### PROBLEM STATEMENT
Go through the listing below and retype exactly the lines starting at the one with "Kids Tablet 7" and ending at the one with "Módní úpletový svetřík", skipping pictures.

━━━━━━

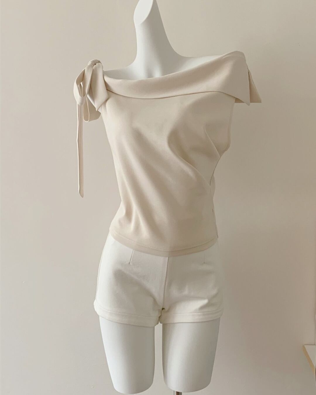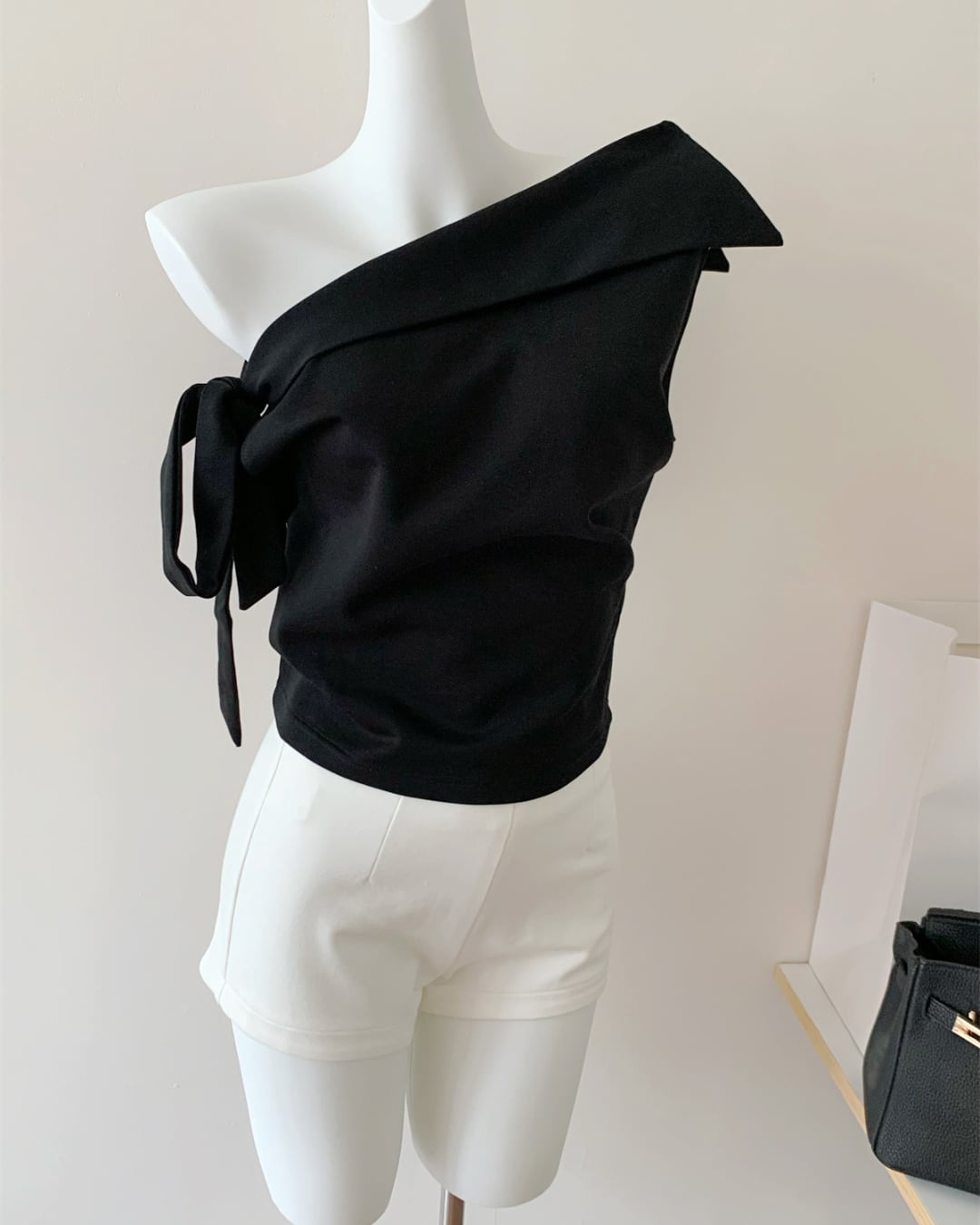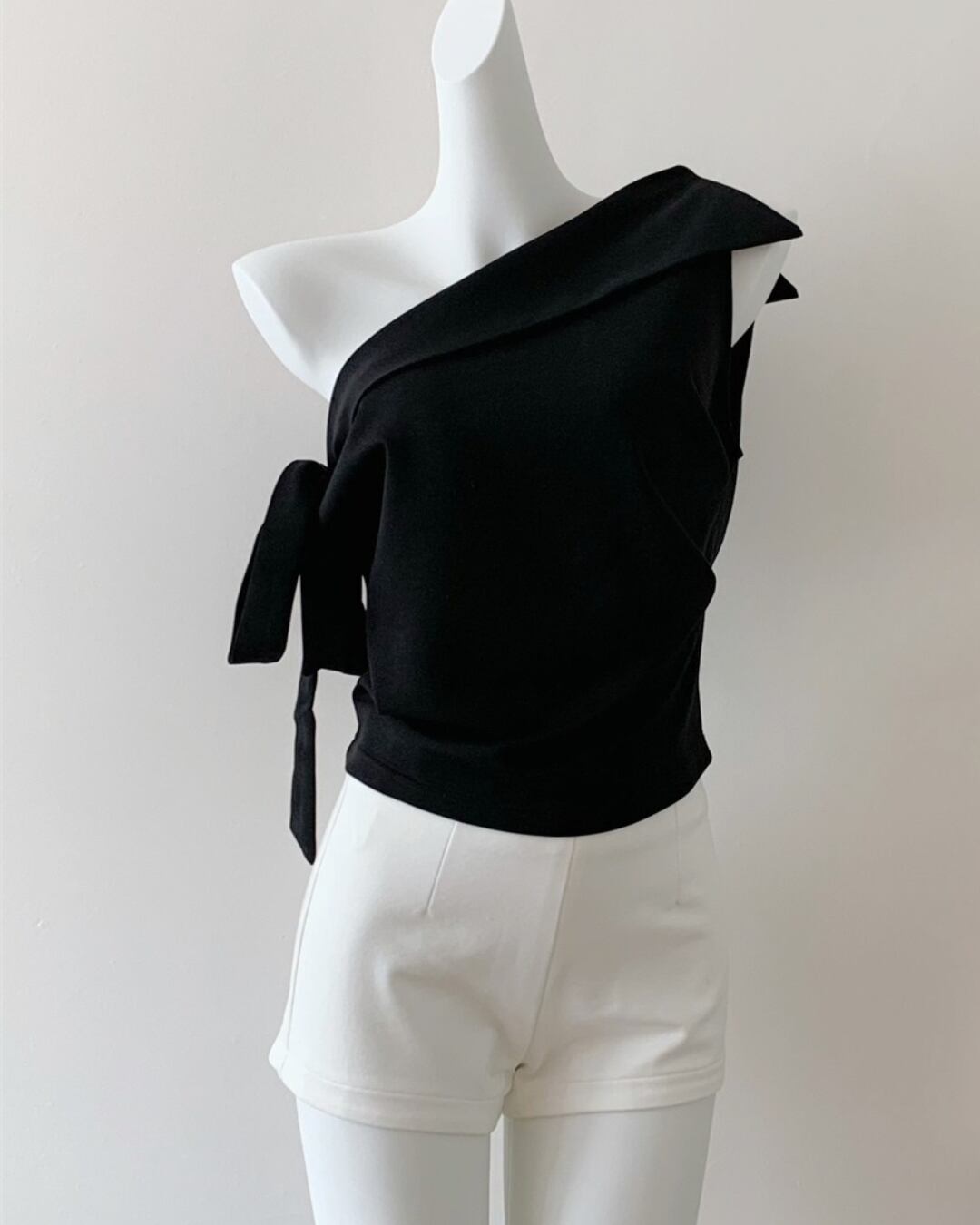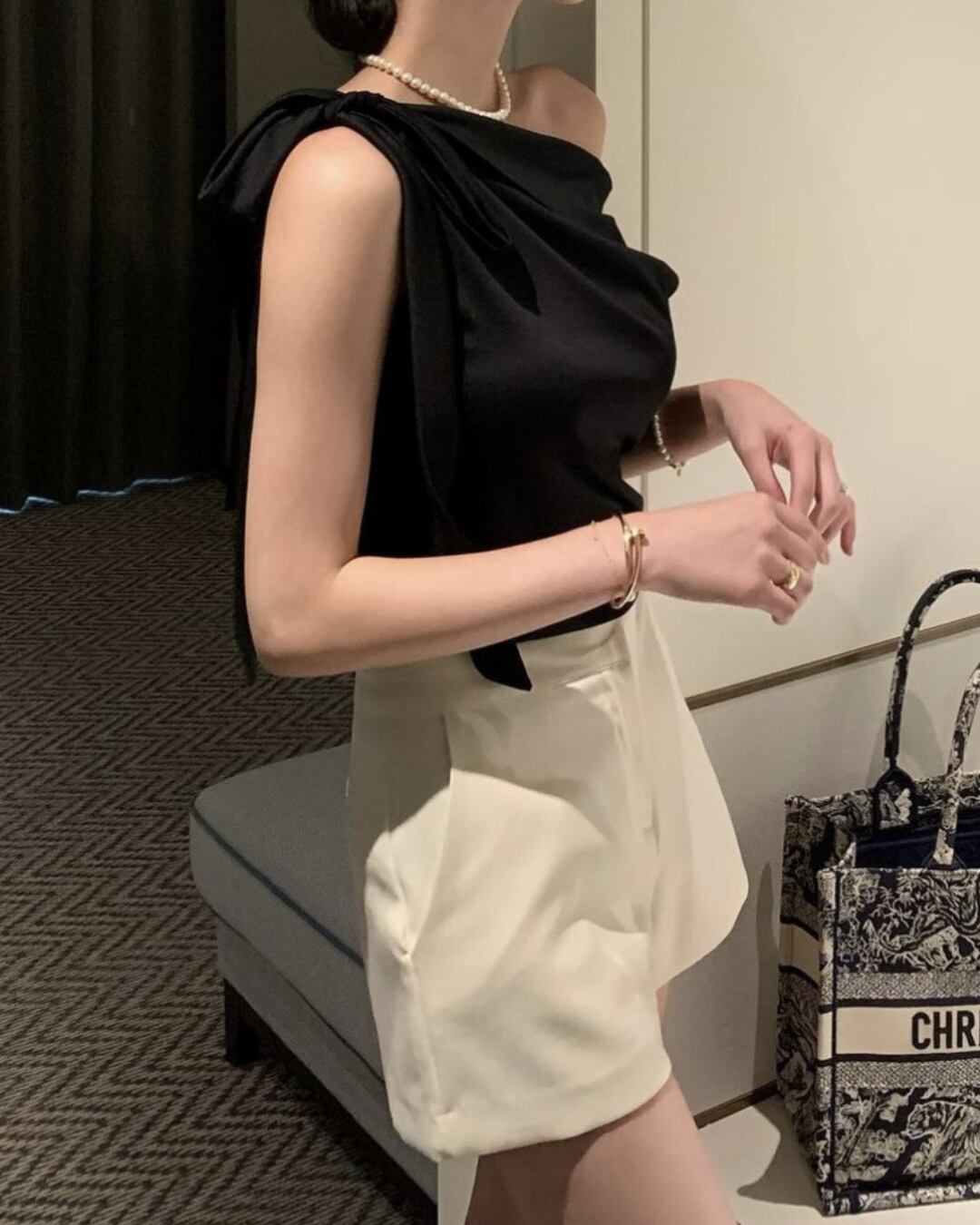 片側のリボンがアクセントになったワンショルダーデザインのトップスです。シンプルながらも女性らしいドレープとフィット感が魅力で、通勤からカジュアルまで幅広く活躍します。伸縮性のある素材で着心地も快適。夏のスタイリングにぴったりのアイテムです。
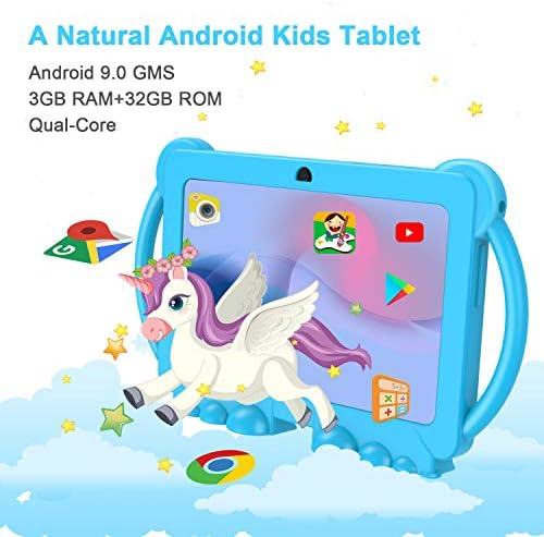 Kids Tablet 7 inch, Android 9.0 GMS Tablet PC for Kids, 3GB Ram 32GB Rom, Kids Edition Tablet with Parental Control, Dual Cameras, Wi-Fi, Blue Kid-Proof Case
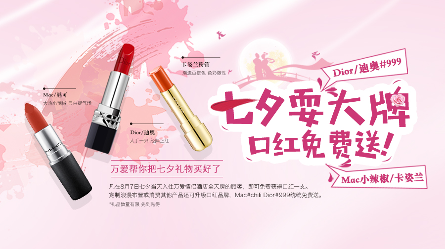 這次的七夕我們將發(fā)送總價(jià)超10萬的口紅,可謂是豪氣滿滿。Carslan粉管都只是入門級的驚喜,定制浪漫布置或店內(nèi)消費(fèi)其他產(chǎn)品還可以升級口紅品牌,號稱“人手一支”的Mac#chili、小愛做夢都想要的Dior#999都將免費(fèi)送給愛粉們,簡直不要太超值,相信再沒有哪家情侶酒店的七夕福利比萬愛更豐厚的了。誰不想擁有長長久久的愛情,一年365天等一個七夕,就該配上萬愛獨(dú)有的私人訂制浪漫布置。燭光、玫瑰、搖晃的紅酒杯,再加上心愛的她,一切都是剛剛好的樣子。玫瑰的馨香遇上口紅的純情蜜意,送她一場難忘的浪漫與感動。愛不一定要說出來,但你的心意一定要讓她明白。
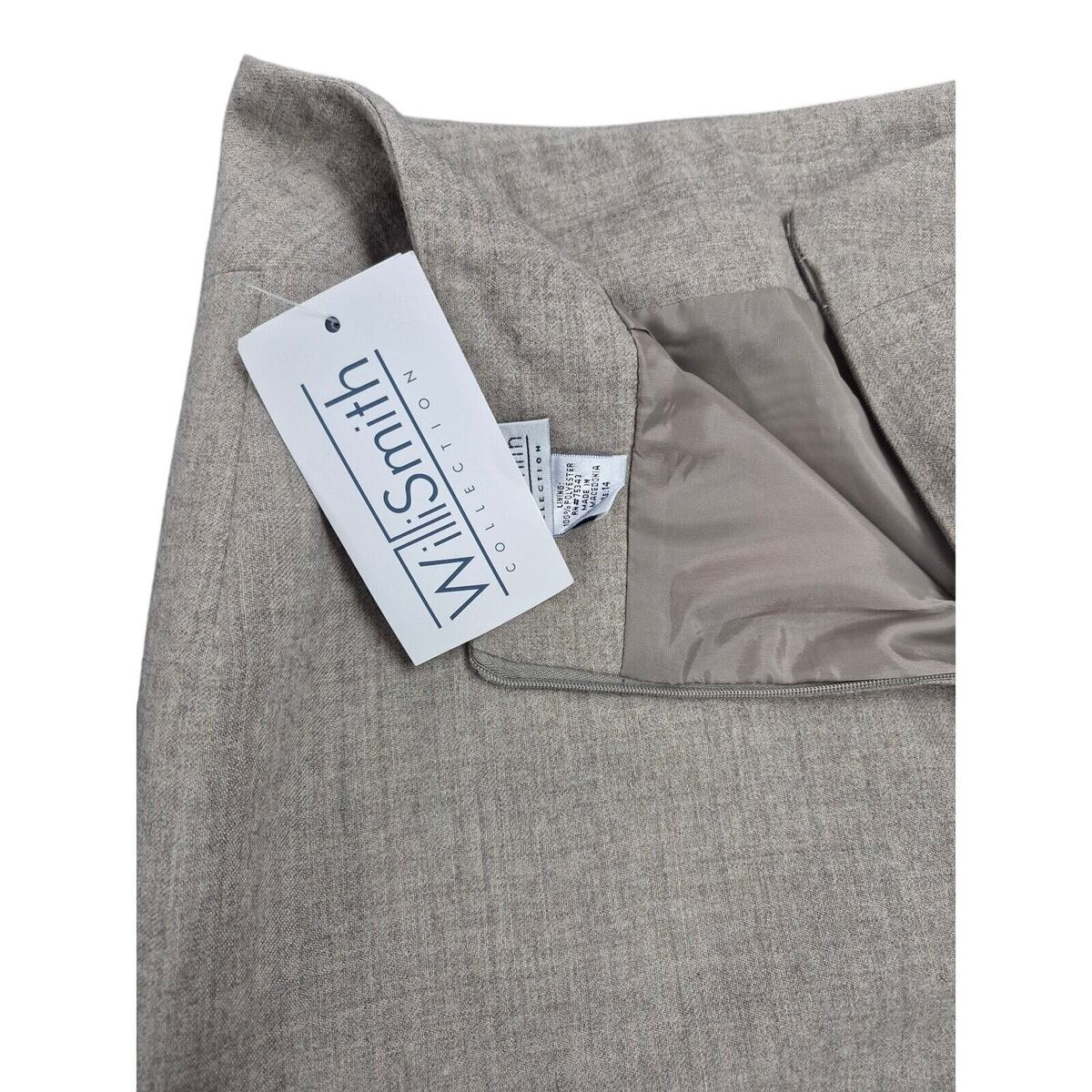 NWT Willi Smith 100% Wool Tan Skirt Zipper at Slit Fully lined Sz 14
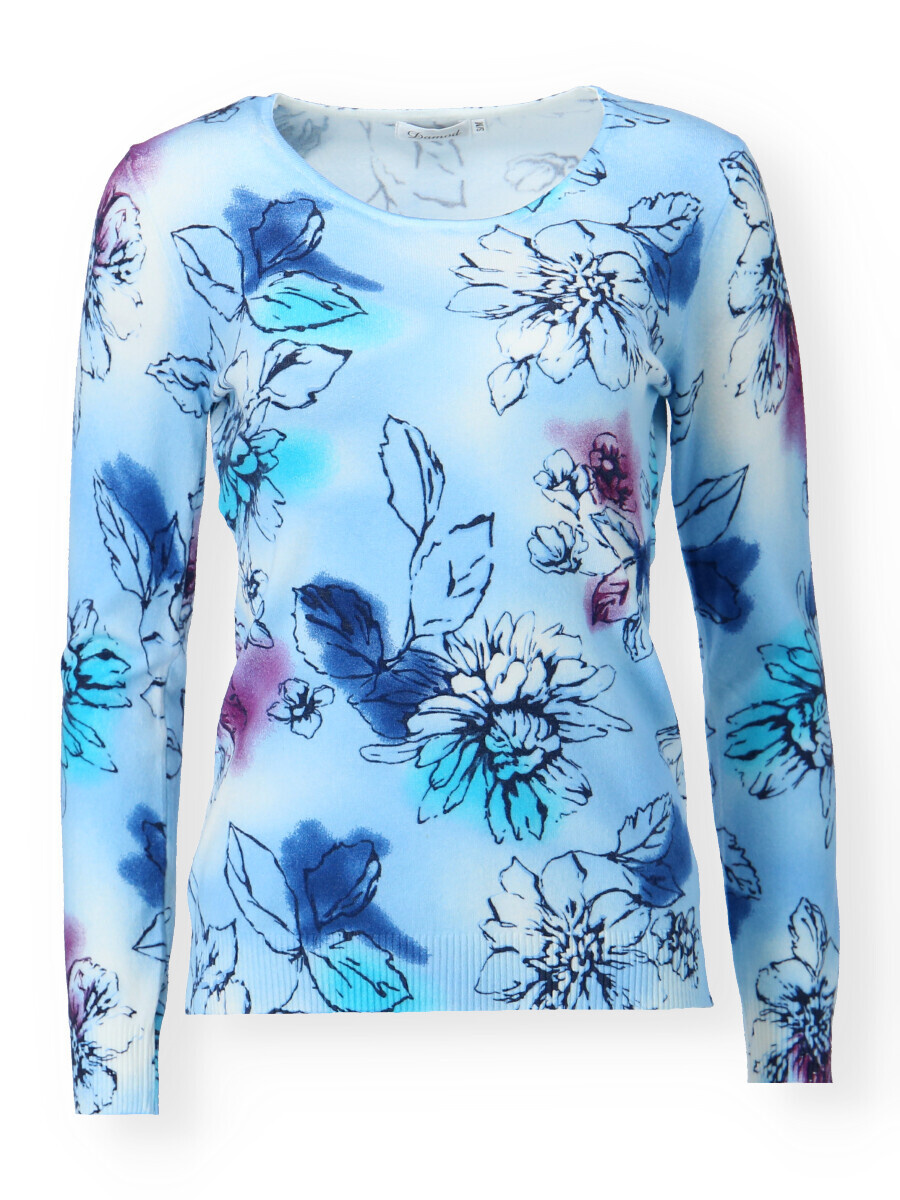 Módní úpletový svetřík s potiskem a kulatým výstřihem.
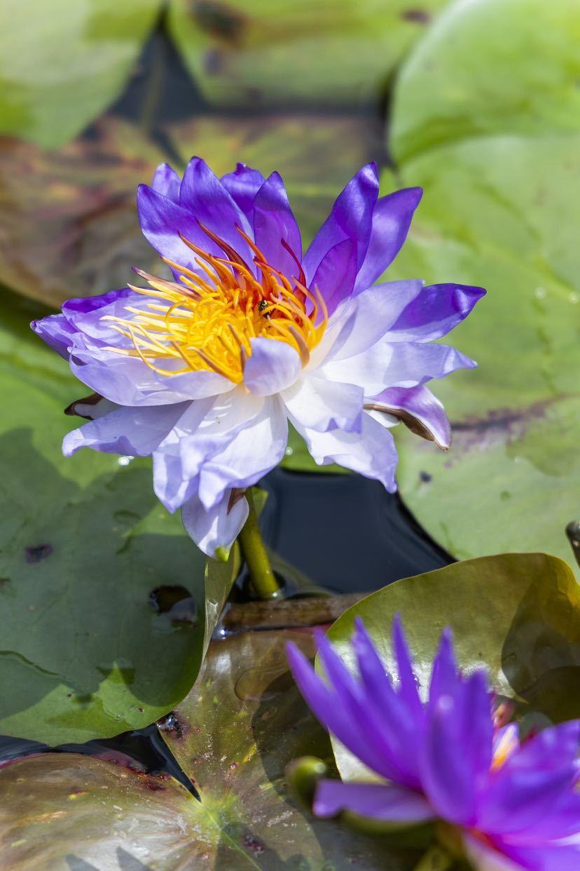 此次发现的双色睡莲,品种名为“咏叹调”。该朵双色莲花瓣色泽优雅,一半呈淡蓝色,另一半则呈现出深邃神秘的紫罗兰色调;花心颜色也别具一格,以黄色与绚丽的橙红色并存。整朵花宛如一幅天然晕染的水彩画。
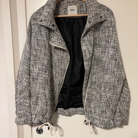 Lang jakke til salgs. Jakken er lite brukt, men har en flekk på den ene armen (se bilde).
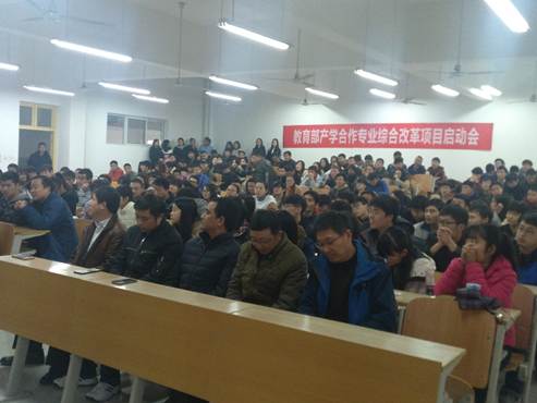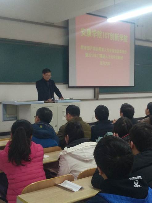 2017年11月29日下午,万象城娱乐awc线路ICT创新学院暨2017年IT高端人才培养定制班启动仪式在1305教室举行。会议由万象城娱乐awc线路副院长陈守满主持。党总支书记何道利、各系主任及15级全体学生参加。
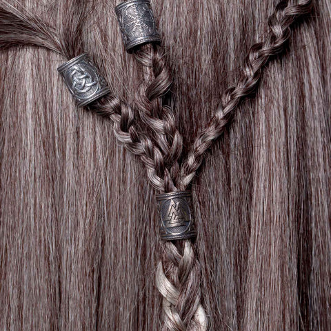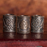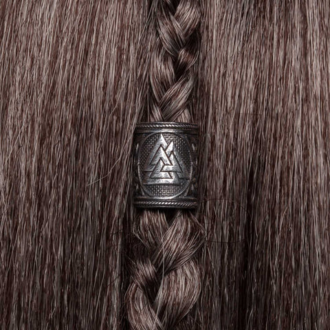 This large solid hair bead has the Valknut across the front and back, as well as additional decoration on the sides.
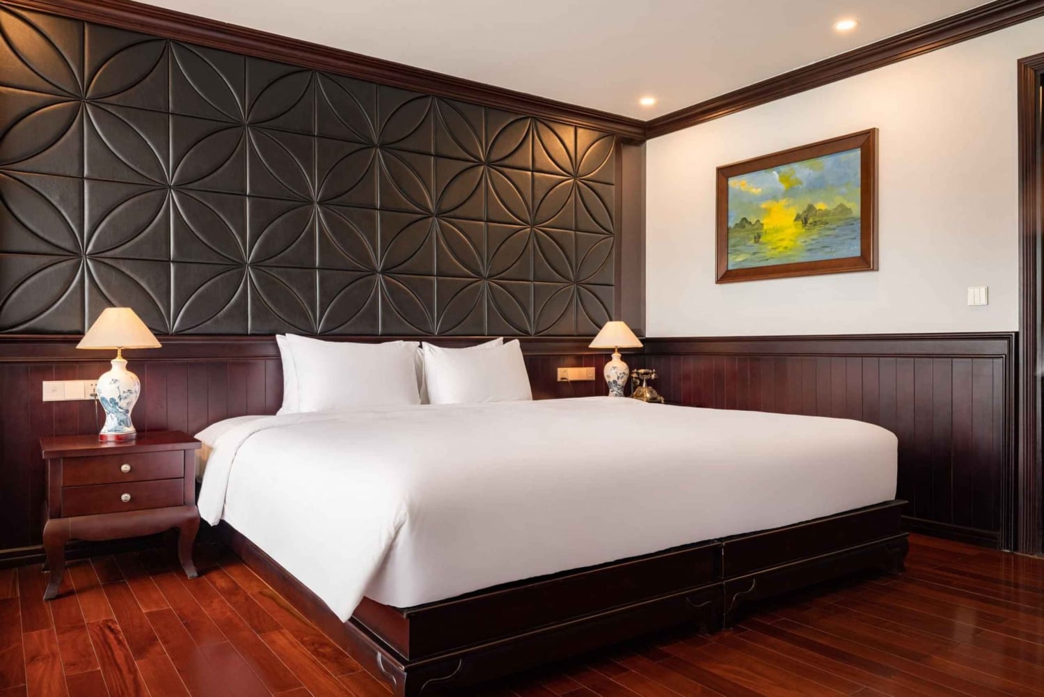 - 12.30: Zamelduj się na CRUISES. Wypłyniemy i zjesz lunch w luksusowej restauracji CRUISES, podziwiając piękno kanałów w drodze do Zatoki Halong.

━━━━━━

### RESPONSE AREA
 Kids Tablet 7 inch, Android 9.0 GMS Tablet PC for Kids, 3GB Ram 32GB Rom, Kids Edition Tablet with Parental Control, Dual Cameras, Wi-Fi, Blue Kid-Proof Case
 這次的七夕我們將發(fā)送總價(jià)超10萬的口紅,可謂是豪氣滿滿。Carslan粉管都只是入門級的驚喜,定制浪漫布置或店內(nèi)消費(fèi)其他產(chǎn)品還可以升級口紅品牌,號稱“人手一支”的Mac#chili、小愛做夢都想要的Dior#999都將免費(fèi)送給愛粉們,簡直不要太超值,相信再沒有哪家情侶酒店的七夕福利比萬愛更豐厚的了。誰不想擁有長長久久的愛情,一年365天等一個七夕,就該配上萬愛獨(dú)有的私人訂制浪漫布置。燭光、玫瑰、搖晃的紅酒杯,再加上心愛的她,一切都是剛剛好的樣子。玫瑰的馨香遇上口紅的純情蜜意,送她一場難忘的浪漫與感動。愛不一定要說出來,但你的心意一定要讓她明白。
 NWT Willi Smith 100% Wool Tan Skirt Zipper at Slit Fully lined Sz 14
 Módní úpletový svetřík s potiskem a kulatým výstřihem.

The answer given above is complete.